As quoted in the NYTimes today, a conversation with Yelp CEO Jeremy Stoppelman:
Q. So what’s the incentive to advertise on Yelp?
A. The primary thing our advertisers are purchasing is actually advertising. Depending on what your price level is, you get a certain number of impressions of those ads, both at the top of search and on related business pages. So if you’re an Italian restaurant you might show up on a pizza restaurant page or another Italian restaurant page. Beyond that, there are also a couple of enhancements that happen on your business page. You’re buying out that ad inventory that would otherwise be on your page. You get a slide show so the photos on your page are a little bigger and rotate. You also get to highlight one review, which is clearly marked as your favorite. That’s it.

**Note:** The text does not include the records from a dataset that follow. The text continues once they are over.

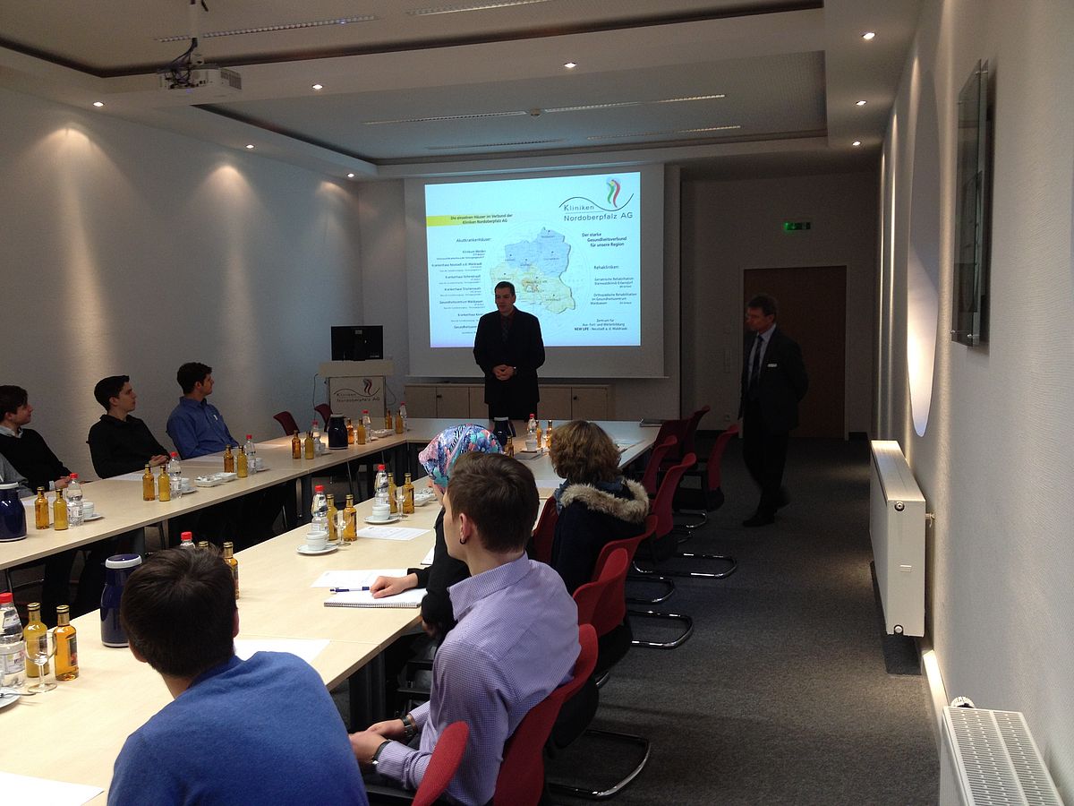 In diesem Zusammenhang fand die Lehrveranstaltung „Krankenhausmanagement und Entwicklungen im Gesundheitswesen“ bei Prof. Dr. med. Clemens Bulitta (Studiengang Medizintechnik) einen besonderen Abschluss: Die Studierenden des 6. Semesters besuchten die Klinikleitung des Klinikums Weiden und erhielten dort einen Überblick über das Management der Kliniken Nordoberpfalz AG. Die wichtigsten Aufgaben wurden den Studierenden aus Sicht des Vorstandes in Vertretung durch Manfred Tretter, den Ärztlichen Direktor Dr. Thomas Egginger und den Pflegedirektor Thomas Baldauf einleitend vorgestellt. Anschließend folgten detaillierte Informationen zu den Aufgaben und Inhalten der Abteilungen Personalwesen, Controlling, Zentrale Finanzen, Einkauf, und Medizincontrolling.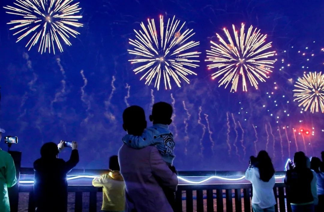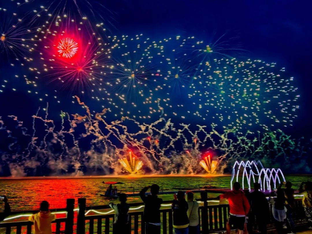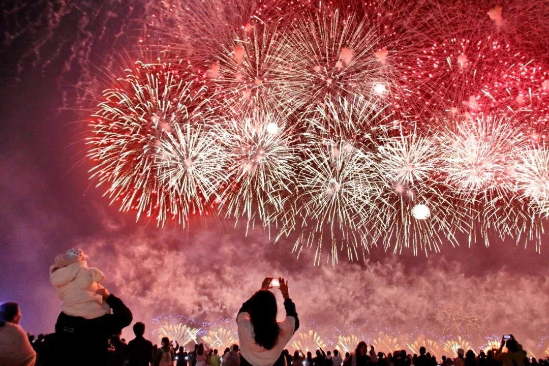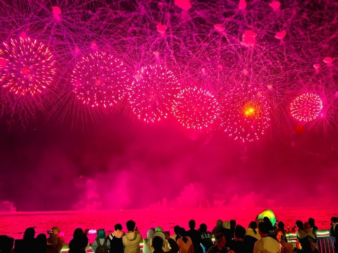 我是第一次看这样的烟花秀,过年的时候自己也放烟花,但今天看到的烟花太炫酷了,让人感觉很震撼。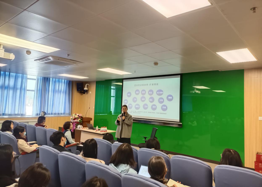 讲座结束后,老师们纷纷与张满老师进行交流,探讨正念在各心理学领域中的应用,并在下午召开了研讨会。张洁婷助理教授结合与哈佛医学院的合作研究方向,组织师生进行“头脑风暴”。各研究方向的师生从自身研究兴趣和专业优势出发,各抒己见,提出了许多新颖的研究设想。张洁婷助理教授探讨了预测正念训练效果的测量工具编制、跨国比较及其在青少年和特殊群体中的改良与推广应用。同时,邓欣媚副教授、迟新丽助理教授教授和江荣焕助理教授相继提出正念在中学生考前身心健康、社交技能方面的应用和研究前景,并探讨如何借助各种认知神经和生理指标来优化对正念状态和干预效果的测量。焦璨教授、邹立业教授在会上还强调了正念与身心运动的结合以及在老年人、运动竞技中的应用研究。张满老师也表达了对正念干预研究的兴趣,并期待进一步的实践与科研相结合。

I think these advertising options aren’t compelling . There’s nothing classy about advertising your Italian restaurant on another Italian restaurant’s page. Why not allow relevant retail shops to choose particular restaurant pages to advertise on? For example, the florist next door to the sandwich shop or the luxury watch shop down the street from the fancy 5-star restaurant. Why not facilitate these potentially symbiotic relationships? There are long-lasting, productive–I’ll say it, lucrative!–synergies between retail, services and restaurants just waiting to happen. Yelp’s data could facilitate this–plus some community-oriented web apps.
We’ve got to get past the advertising-only rev stream for local content providers.
I wonder: for a given, restaurant, how much of their traffic is from Yelp? If Yelp could say, we drive on average 20% of traffic to restaurants in the Bay Area–they could charge for that. Most definitely.